INPUT DATA
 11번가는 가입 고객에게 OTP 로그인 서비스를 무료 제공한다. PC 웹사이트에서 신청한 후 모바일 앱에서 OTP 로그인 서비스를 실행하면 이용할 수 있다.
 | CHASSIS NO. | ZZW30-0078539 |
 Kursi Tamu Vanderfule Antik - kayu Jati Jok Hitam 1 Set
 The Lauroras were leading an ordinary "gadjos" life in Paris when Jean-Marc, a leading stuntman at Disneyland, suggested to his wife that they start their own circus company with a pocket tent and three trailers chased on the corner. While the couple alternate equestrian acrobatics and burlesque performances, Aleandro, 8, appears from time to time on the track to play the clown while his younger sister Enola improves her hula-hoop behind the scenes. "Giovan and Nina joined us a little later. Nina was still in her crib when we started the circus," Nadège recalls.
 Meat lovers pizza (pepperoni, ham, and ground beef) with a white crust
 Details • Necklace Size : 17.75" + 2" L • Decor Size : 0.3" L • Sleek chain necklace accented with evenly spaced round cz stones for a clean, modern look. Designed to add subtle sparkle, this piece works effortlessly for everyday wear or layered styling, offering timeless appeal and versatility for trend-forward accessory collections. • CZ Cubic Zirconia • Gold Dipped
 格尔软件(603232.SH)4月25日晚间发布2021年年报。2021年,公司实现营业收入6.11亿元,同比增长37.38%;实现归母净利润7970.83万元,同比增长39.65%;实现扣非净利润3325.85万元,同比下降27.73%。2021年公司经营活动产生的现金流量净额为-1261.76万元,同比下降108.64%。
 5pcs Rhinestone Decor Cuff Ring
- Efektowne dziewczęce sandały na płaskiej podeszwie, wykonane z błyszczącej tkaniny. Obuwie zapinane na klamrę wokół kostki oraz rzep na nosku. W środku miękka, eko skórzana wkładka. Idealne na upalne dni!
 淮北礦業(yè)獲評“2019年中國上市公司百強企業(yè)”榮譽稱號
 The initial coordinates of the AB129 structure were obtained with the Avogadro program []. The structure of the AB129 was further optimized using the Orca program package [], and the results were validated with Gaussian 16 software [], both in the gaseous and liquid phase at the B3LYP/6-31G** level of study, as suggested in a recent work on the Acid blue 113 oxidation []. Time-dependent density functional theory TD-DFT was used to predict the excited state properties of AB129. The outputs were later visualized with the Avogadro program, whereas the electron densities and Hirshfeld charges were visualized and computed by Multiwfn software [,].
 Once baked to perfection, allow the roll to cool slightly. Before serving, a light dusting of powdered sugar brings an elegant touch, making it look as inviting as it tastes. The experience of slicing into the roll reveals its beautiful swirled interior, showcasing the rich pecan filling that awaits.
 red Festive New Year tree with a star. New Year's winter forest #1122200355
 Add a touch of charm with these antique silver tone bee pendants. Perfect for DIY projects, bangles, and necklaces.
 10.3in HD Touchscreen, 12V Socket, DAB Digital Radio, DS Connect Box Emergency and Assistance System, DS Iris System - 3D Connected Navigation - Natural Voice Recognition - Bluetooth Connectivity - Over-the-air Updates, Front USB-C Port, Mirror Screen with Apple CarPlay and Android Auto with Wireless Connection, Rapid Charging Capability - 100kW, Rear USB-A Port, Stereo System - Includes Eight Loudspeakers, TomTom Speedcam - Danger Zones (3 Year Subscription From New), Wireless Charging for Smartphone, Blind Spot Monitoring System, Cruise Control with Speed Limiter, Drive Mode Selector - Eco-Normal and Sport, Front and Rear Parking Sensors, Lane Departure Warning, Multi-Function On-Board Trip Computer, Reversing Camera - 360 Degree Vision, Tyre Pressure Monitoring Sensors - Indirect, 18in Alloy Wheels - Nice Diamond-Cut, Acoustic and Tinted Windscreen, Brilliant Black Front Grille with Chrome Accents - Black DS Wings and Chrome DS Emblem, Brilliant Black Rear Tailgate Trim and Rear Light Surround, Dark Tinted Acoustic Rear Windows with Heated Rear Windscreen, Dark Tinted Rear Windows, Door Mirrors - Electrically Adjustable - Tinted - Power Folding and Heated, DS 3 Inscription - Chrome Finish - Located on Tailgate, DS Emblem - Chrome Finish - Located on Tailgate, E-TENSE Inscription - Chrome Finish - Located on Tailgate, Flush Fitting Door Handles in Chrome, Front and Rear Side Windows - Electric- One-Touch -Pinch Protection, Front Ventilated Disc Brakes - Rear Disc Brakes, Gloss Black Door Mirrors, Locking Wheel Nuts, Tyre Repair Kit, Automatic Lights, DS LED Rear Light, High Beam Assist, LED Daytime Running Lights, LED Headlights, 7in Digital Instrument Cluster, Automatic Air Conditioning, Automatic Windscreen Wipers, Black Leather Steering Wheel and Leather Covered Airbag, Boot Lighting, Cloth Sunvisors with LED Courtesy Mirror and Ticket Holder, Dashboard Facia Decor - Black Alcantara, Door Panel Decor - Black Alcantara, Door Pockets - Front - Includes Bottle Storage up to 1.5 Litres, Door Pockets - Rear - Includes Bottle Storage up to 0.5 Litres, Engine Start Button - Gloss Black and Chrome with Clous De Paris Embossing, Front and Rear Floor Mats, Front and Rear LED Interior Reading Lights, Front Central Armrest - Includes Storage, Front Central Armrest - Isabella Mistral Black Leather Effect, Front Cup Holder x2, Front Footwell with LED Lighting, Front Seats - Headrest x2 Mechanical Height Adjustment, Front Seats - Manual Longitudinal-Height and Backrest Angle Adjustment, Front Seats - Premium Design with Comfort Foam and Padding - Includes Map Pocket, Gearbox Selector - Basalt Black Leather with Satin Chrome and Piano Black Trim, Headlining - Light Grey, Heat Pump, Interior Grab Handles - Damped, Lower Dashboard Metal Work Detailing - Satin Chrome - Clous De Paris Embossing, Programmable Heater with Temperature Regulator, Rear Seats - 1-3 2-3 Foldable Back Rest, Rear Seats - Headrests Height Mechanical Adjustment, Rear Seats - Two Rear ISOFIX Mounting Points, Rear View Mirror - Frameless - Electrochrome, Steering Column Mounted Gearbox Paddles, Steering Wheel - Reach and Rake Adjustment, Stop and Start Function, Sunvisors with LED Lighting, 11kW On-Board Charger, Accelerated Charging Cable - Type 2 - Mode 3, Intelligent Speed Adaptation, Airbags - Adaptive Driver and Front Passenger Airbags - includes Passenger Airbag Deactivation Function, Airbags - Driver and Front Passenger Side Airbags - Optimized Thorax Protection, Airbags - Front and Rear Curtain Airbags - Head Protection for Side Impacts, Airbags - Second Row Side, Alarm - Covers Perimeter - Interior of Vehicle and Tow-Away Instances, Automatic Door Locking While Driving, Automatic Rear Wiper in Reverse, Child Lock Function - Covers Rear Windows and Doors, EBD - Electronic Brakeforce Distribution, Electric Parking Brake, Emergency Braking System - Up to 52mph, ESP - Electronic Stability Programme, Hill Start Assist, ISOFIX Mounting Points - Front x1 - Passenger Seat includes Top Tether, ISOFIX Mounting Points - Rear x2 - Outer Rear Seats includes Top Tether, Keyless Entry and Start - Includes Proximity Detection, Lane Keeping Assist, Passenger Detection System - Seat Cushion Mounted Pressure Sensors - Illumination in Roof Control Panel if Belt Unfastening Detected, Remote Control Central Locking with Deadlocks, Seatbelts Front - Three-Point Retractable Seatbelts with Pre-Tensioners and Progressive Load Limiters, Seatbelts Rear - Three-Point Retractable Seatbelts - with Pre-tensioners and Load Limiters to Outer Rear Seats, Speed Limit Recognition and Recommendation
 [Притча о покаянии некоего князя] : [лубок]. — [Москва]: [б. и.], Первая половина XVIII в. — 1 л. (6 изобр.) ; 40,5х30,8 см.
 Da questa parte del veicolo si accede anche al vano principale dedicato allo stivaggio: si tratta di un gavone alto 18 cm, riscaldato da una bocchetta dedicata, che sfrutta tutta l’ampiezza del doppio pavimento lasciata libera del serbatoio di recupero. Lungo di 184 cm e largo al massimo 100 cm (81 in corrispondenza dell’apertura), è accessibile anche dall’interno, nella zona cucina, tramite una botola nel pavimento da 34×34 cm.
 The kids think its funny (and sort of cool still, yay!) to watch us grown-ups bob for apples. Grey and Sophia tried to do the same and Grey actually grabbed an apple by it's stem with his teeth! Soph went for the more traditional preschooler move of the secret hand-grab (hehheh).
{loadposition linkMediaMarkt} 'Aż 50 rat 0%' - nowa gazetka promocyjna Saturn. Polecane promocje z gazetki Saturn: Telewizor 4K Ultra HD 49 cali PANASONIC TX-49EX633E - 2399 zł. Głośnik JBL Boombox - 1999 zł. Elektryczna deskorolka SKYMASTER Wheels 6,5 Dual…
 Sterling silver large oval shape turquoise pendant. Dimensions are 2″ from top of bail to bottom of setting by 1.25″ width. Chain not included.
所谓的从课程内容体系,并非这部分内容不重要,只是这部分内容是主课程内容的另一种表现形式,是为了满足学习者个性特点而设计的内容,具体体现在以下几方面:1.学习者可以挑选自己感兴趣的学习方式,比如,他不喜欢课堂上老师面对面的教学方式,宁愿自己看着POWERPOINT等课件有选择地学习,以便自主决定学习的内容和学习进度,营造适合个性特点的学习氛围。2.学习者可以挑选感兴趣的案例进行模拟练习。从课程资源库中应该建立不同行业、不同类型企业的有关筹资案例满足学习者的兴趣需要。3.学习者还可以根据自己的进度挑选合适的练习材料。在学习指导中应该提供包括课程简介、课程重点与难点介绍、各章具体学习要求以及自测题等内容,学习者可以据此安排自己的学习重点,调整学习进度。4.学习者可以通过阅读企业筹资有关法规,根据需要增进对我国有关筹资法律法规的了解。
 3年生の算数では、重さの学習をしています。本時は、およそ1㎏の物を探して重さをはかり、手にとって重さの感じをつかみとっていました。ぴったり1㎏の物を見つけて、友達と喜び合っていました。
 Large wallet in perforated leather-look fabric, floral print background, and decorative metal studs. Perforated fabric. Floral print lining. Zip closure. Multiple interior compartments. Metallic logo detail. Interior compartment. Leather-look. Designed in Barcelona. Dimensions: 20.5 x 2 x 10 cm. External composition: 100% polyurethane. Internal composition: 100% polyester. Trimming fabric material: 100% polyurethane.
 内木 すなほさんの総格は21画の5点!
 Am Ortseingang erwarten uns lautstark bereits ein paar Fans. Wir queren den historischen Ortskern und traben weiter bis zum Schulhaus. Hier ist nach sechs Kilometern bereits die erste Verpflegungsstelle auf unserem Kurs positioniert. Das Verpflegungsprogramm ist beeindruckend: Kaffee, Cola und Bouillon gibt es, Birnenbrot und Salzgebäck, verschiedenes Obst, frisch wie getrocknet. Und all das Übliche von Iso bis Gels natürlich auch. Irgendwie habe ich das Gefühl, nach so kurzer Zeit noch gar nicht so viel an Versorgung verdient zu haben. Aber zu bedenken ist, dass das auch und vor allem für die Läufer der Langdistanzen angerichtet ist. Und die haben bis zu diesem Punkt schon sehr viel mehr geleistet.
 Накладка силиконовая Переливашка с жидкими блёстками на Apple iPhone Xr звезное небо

BRIEF
For this exercise, please copy exactly the lines of the material above from its first line through the line where "Meat lovers pizza" appears.

RESPONSE TO THIS TASK
 11번가는 가입 고객에게 OTP 로그인 서비스를 무료 제공한다. PC 웹사이트에서 신청한 후 모바일 앱에서 OTP 로그인 서비스를 실행하면 이용할 수 있다.
 | CHASSIS NO. | ZZW30-0078539 |
 Kursi Tamu Vanderfule Antik - kayu Jati Jok Hitam 1 Set
 The Lauroras were leading an ordinary "gadjos" life in Paris when Jean-Marc, a leading stuntman at Disneyland, suggested to his wife that they start their own circus company with a pocket tent and three trailers chased on the corner. While the couple alternate equestrian acrobatics and burlesque performances, Aleandro, 8, appears from time to time on the track to play the clown while his younger sister Enola improves her hula-hoop behind the scenes. "Giovan and Nina joined us a little later. Nina was still in her crib when we started the circus," Nadège recalls.
 Meat lovers pizza (pepperoni, ham, and ground beef) with a white crust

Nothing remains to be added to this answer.